Aim of the exercise: For the listing below, print exactly the lines from the line with "子どもたちから人気のあった「" to the line with "강동구 올림픽파크포레온 18평 17.8억 신고가~!!", both included, and nothing beyond them.
--- Exercise data ---
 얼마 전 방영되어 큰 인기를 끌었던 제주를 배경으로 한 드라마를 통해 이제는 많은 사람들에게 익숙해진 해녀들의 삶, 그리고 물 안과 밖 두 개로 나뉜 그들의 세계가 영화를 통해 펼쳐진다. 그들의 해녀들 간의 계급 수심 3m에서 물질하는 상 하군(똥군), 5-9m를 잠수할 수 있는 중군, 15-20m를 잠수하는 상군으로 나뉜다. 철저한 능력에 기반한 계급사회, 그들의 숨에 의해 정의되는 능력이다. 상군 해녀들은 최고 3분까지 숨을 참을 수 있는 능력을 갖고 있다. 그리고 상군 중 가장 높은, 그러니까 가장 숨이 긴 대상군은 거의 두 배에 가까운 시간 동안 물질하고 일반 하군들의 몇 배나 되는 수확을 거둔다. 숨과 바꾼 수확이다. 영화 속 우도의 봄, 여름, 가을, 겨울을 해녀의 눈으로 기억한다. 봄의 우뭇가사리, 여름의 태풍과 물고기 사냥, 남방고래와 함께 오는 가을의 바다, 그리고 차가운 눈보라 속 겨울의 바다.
---
--- Exercise data ---
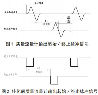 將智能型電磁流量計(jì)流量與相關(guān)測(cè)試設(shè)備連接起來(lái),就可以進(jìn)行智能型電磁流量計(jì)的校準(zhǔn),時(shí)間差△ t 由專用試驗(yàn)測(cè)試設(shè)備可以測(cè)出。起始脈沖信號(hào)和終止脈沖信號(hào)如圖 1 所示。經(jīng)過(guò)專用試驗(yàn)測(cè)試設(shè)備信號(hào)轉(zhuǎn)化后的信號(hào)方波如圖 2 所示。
---
--- Exercise data ---
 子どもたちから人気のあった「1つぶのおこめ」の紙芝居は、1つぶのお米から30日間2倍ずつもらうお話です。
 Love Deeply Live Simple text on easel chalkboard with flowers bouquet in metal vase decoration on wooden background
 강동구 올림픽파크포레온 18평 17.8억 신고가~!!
---
Solution to the problem:
 子どもたちから人気のあった「1つぶのおこめ」の紙芝居は、1つぶのお米から30日間2倍ずつもらうお話です。
 Love Deeply Live Simple text on easel chalkboard with flowers bouquet in metal vase decoration on wooden background
 강동구 올림픽파크포레온 18평 17.8억 신고가~!!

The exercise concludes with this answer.